StanChart said in a statement that it has agreed to acquire American Express Bank from American Express Company for a total cash consideration equal to the net asset value of AEB at completion plus $300 million in cash. As of June 30, 2007, this would have amounted to approximately $860 million, it said.
AEB, whose New York-based parent company AXP is the third-largest credit card network, is a leading international bank present in 47 countries, including India.
The Bank said the sale does not include its primary card and travel-related businesses. An AXP spokesperson said today that it would aggressively focus on card and travel-related services.
"The sale does not include any of our payments, including card and travel-related businesses in India, which are our primary businesses," the spokesperson said in a statement.
"For American Express, the decision is in keeping with our strategic focus on the card payments, network and
complementary travel businesses that are fuelling our growth," the spokesperson added.
The acquisition, which is subject to certain conditions, including regulatory consent, is expected to be completed in the first quarter of 2008.
StanChart said that AEB provides it with an opportunity to add capability, scale and momentum in the strategically important financial institutions and private bank businesses.
Among other benefits, "the acquisition will include valuable branch licences in India and Taiwan subject to regulatory approvals," it said.
According to the data released by Reserve Bank of India, Standard Chartered is the largest foreign bank in India in terms of branches with a total of 81 branches, as against American Express Bank's seven branches as of September 2006 out of total 258 branches of 29 foreign banks.
AEB's global correspondent banking business caters to approximately 1,700 banks in over 120 countries and its private bank services to over 10,000 customers with total assets under management of around $22.5 billion as on December 31, 2006.
Commenting on the deal, StanChart CEO Peter Sands said, "The acquisition will add capability and scale to two of the Group's strategically important businesses.

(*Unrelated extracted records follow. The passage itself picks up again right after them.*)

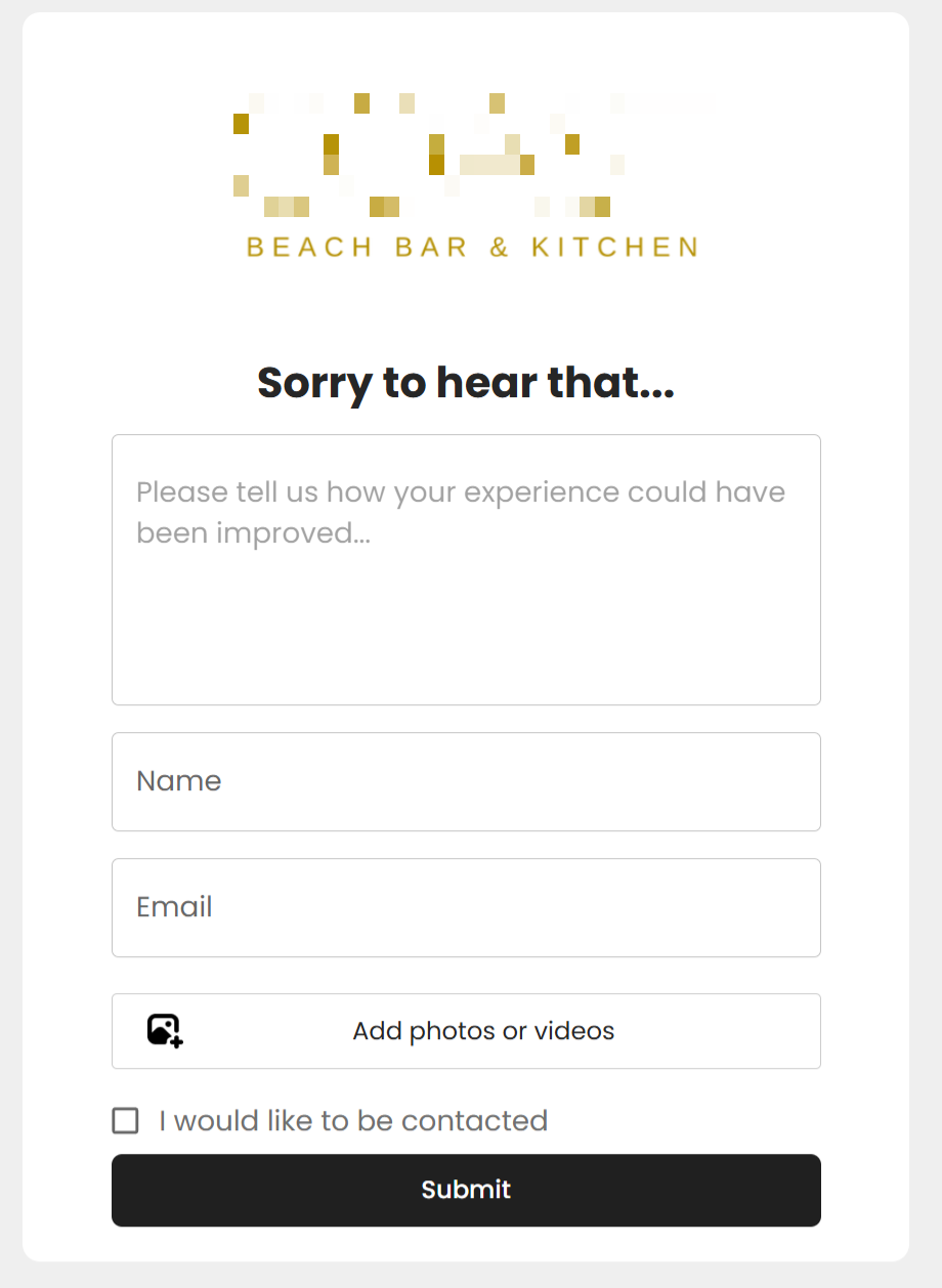 If a customer clicks the “Contact us directly” button, they’ll be taken to a simple, branded feedback form (see screenshot below) where they can share their thoughts privately.
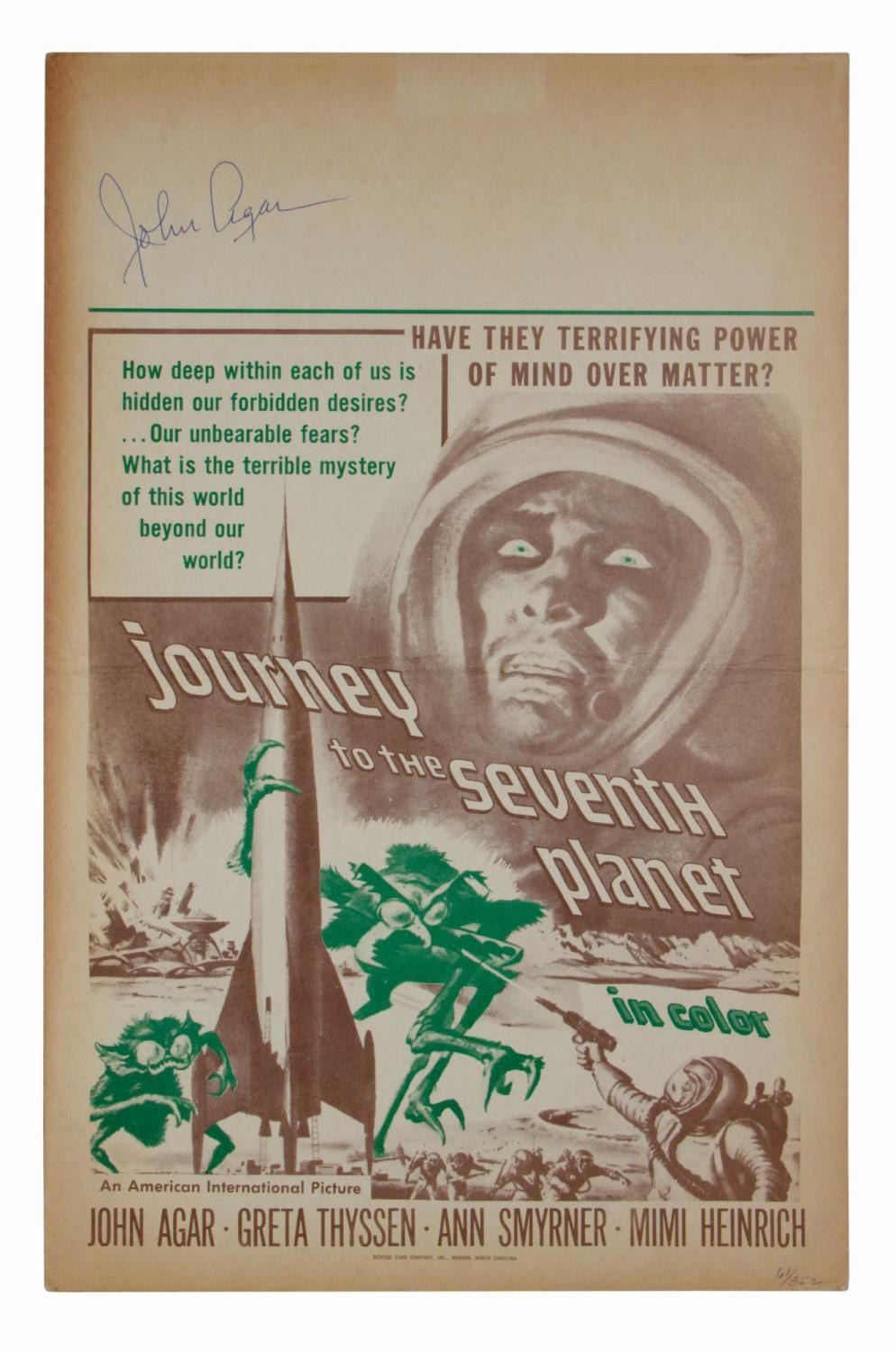 (AIP, 1962) An extremely rare original U.S. duotone window card poster for Journey to the Seventh Planet by the Benton Card Company. The playdate field is signed in blue ballpoint pen at left by star John Agar. Measuring 22"x14", the poster is in good condition with a central horizontal crease, browning in the margins, pencil notation at bottom right, creasing to the corners, and minor edge wear.
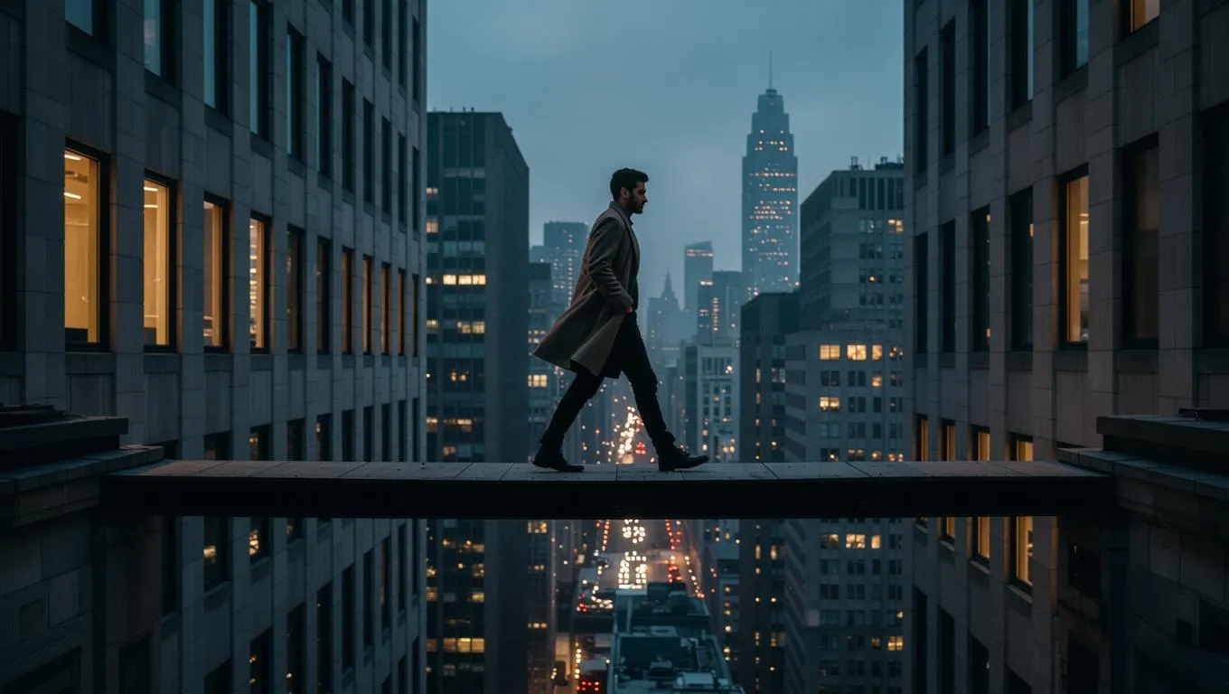 Capture hyperrealistic AI-generated visuals of a man balancing on a narrow rooftop walkway between symmetrical towers. Experience Hollywood-style cinematic tension with blurred city lights, dynamic wind effects, and precise geometric framing. Inspired by social realism and performance photography, this prompt merges breath-taking suspense with hyper-detailed realism for professional-grade AI video or image generation.
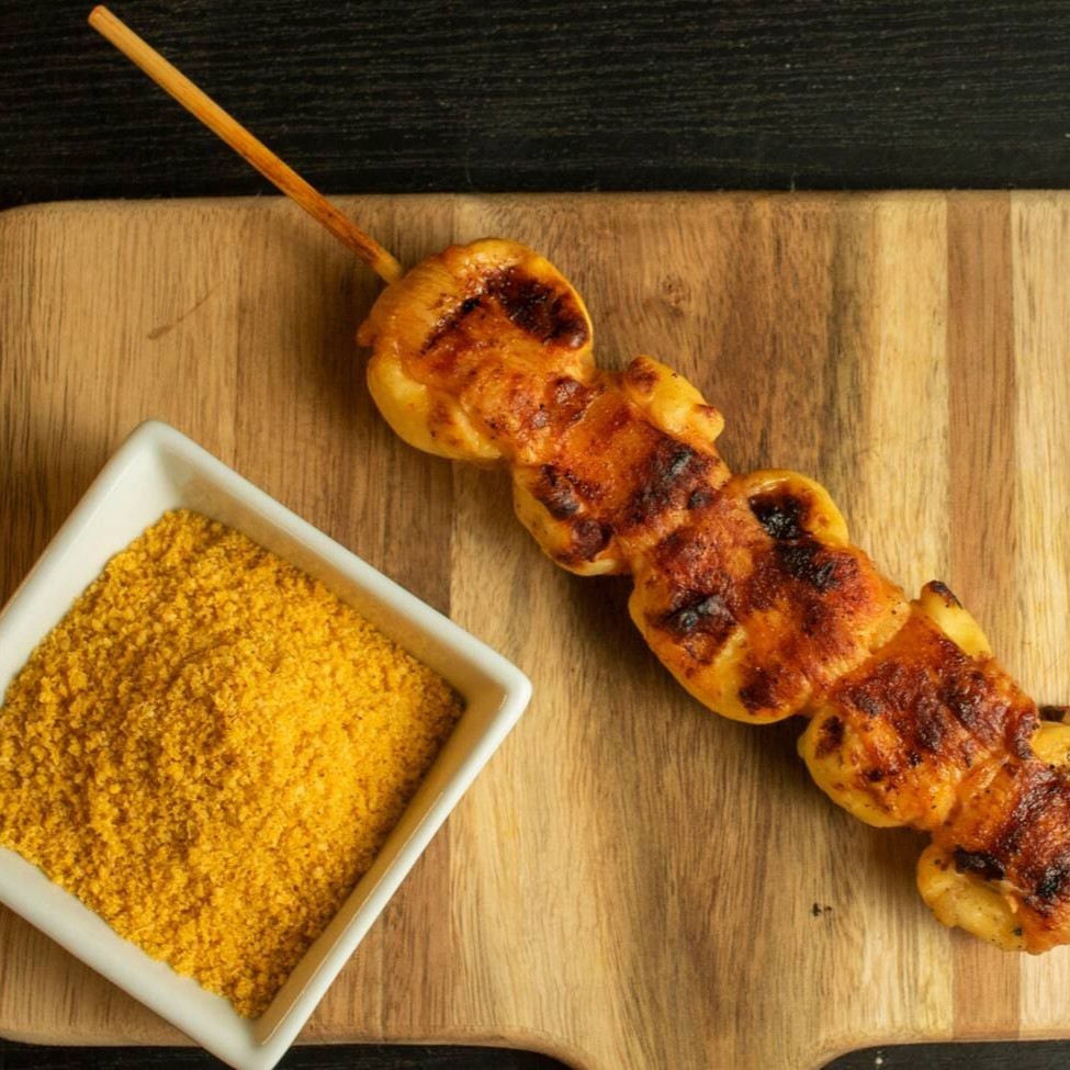 Cubos de Filé de peito de frango cobertos com queijo parmesão e finalizado na brasa.
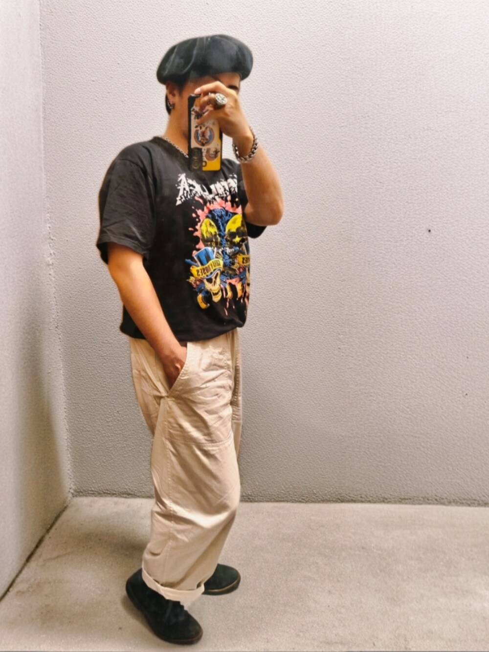 晴れ☀️20℃/8℃ 無骨ロックに生成りパンツで爽やかさをプラス
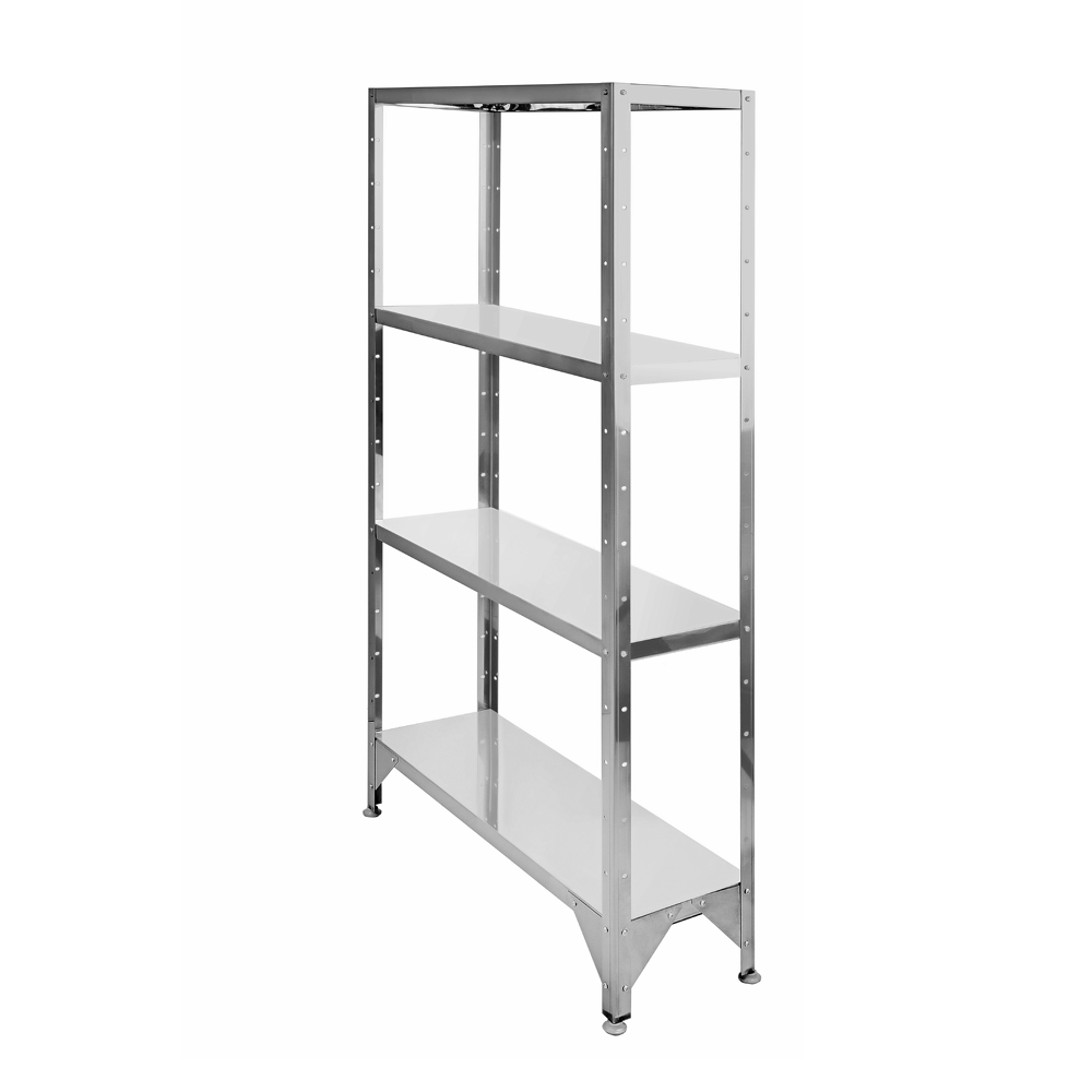 Конструкция включает четыре прочные полки и четыре стойки, выполненные из оцинкованной, крашеной или нержавеющей стали. Полки изготовлены из пищевой нержавеющей стали AISI430, имеют толщину 0,6 мм и усилены ребром жесткости, что обеспечивает их долговечность и надежность. Полки можно устанавливать на различных уровнях с шагом 96 мм, что позволяет адаптировать стеллаж под конкретные нужды.

AEB's balance sheet is highly liquid and its income is predominantly fee-based. This is a transaction which has compelling strategic and financial logic and is management accretive."
The acquisition would double Standard Chartered's US Dollar clearing business, making it the world's sixth largest US Dollar clearer. AEB would also provide it with a direct Euro and Yen clearing capability and would also provide opportunities to cross-sell Standard Chartered's products.
The deal would also fast-track development of Standard Chartered's recently launched Private Bank, adding about $22.5 billion of AUM and about 120 relationship managers.
Standard Chartered also expects to further deepen its existing network and expand its access to a select number of new growth markets through the deal.
Additionally, it would create significant synergy potential across business lines with pre-tax cost savings expected to total well in excess of $100 million per annum from 2009 onwards.
The acquisition would be accretive to Standard Chartered's Earnings Per Share in 2009, the first full year of ownership and is also expected to generate double digit investment return in 2009 before the allocation of integration expenses.
Standard Chartered intends to fund the deal from internal cash resources and ongoing debt funding programme.
The integration is expected to take approximately 24 months to complete and most of the related costs would be borne in the first year after completion of the transaction.
Cost savings would mainly come from combining IT systems and back-office operations and support function efficiencies. AEB employs approximately 2,300 staff with over 85 per cent in Standard Chartered's existing footprint.